Tax & Accounting Blog

Ask a Transfer Pricing Expert – September 2013

ONESOURCE, Transfer Pricing October 2, 2013

Q: We are a U.S. parent selling finished goods to Australia customers via a limited function Australian distribution affiliate. Our current transfer pricing policy is to grant the Australian affiliate a gross profit margin equal to 10% as our typical operating expense to sales ratio is 8%. IRS Examination has informed us that they believe that the implied 2% operating margin is as high as they would accept given the limited functions of the Australian entity and the fact that its working capital is modest relative to sales. We understand that the Australian tax authorities have identified four publicly traded Australian distributors that they accept as potential comparables for a TNMM analysis. Which companies are these and would their financials support the position we have taken?

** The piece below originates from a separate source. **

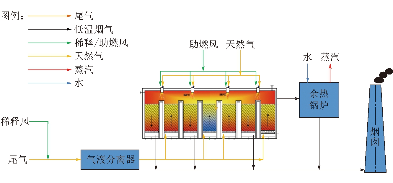 焚烧炉适宜的废气入口浓度/(mg·Nm-3)废气入口浓度要求RTO炉2 000~10 000<25% 爆炸下限DFTO炉可燃物浓度可达到燃烧自平衡无要求 从表4中可知,由于低温甲醇洗尾气为本质安全的废气,其浓度在爆炸下限以下,通过稀释配风可保证废气浓度在爆炸下限25%以下,符合RTO炉对废气入口浓度的要求。而液氮洗尾气、甲醇合成闪蒸气、甲醇合成膨胀气这3种废气由于其浓度高,要采用蓄热式焚烧技术将废气浓度降低至爆炸下限的25%以下,其中必须通过增加配风量来满足要求,而配风过程就会穿越这3种高浓度废气的爆炸区域,存在不安全的因素,而采用DFTO炉则没有此要求,因此从安全角度考虑,低温甲醇洗尾气采用RTO蓄热式氧化焚烧技术,液氮洗尾气、甲醇合成闪蒸气、甲醇合成膨胀气这3种高浓度废气则采用DFTO直燃式氧化焚烧技术。 RTO蓄热式氧化焚烧工艺如图1所示。低温甲醇洗尾气在进入RTO之前,先经过稀释风稀释,保证VOCs浓度低于爆炸下限的25%以下,同时也保证入口气体氧含量充足,尾气经过稀释之后进入气液分离器分离液体后进入RTO炉进行热氧化处理,尾气从下往上流过陶瓷蓄热体,在这一过程中尾气得到预热,大部分烃类物质被氧化后到达燃烧室,此时废气温度达到850 ℃,尾气中VOCs被完全氧化。高温烟气从上往下流过其他蓄热体,热量从气体传递到蓄热体,释放出热量的低温烟气从RTO下室体排出。在保证蓄热体具有足够热量的同时,多余的高温烟气通过热旁通烟道进入RTO余热锅炉,高温烟气在余热锅炉内与脱盐水换热后降温排出。RTO余热锅炉副产5.1 MPa(g) 、460 ℃次蒸汽送入全厂蒸汽管网。RTO下室体出口烟气与余热锅炉出口烟气混合后排入烟囱。

A: Two of the four companies – Dank and CPI Group Limited – have been acquired. The original set of four is down to two companies – Conventry Group Limited and Supply Network Limited. Over the 2007 to 2011 period, the operating margin for Conventry Group Limited averaged 9.8%, while the operating margin for Supply Network Limited averaged 7.4%. If the Australian tax authorities considered only these two distributors and used the operating margin as the profit level indicator without any consideration for comparability differences with respect to the related party distributor, it would expect a much higher operating margin that was deemed acceptable by the IRS. We should note, however, that both of these publicly traded Australian distributors have very high operating expenses relative to sales (29.7% for Conventry Group Limited and 37.7% for Supply Network Limited) as well as higher relative amounts of working capital than the tested party. A capital adjusted Berry ratio approach would likely yield a result closer to the expectations of the IRS although it is entirely possible that the results would still yield an expected gross margin above the 10% that is both the intercompany policy and what the IRS would accept.

Having only two publicly traded Australian comparables may not be sufficient to resolve this issue. If an analysis were to rely upon publicly traded companies, companies from other regions would have to be accepted. If the analysis were to rely on local comparables, then private companies would have to be accepted as potential comparables. The question remains whether the financial information for private companies would be sufficient to perform an analysis that took into consideration the fact that this Australian affiliate had limited functions and assets.

This publication does not, and is not intended to, provide legal, tax or accounting advice, and readers should consult their tax advisors concerning the application of tax laws to their particular situations. This analysis is not tax advice and is not intended or written to be used, and cannot be used, for purposes of avoiding tax penalties that may be imposed on any taxpayer.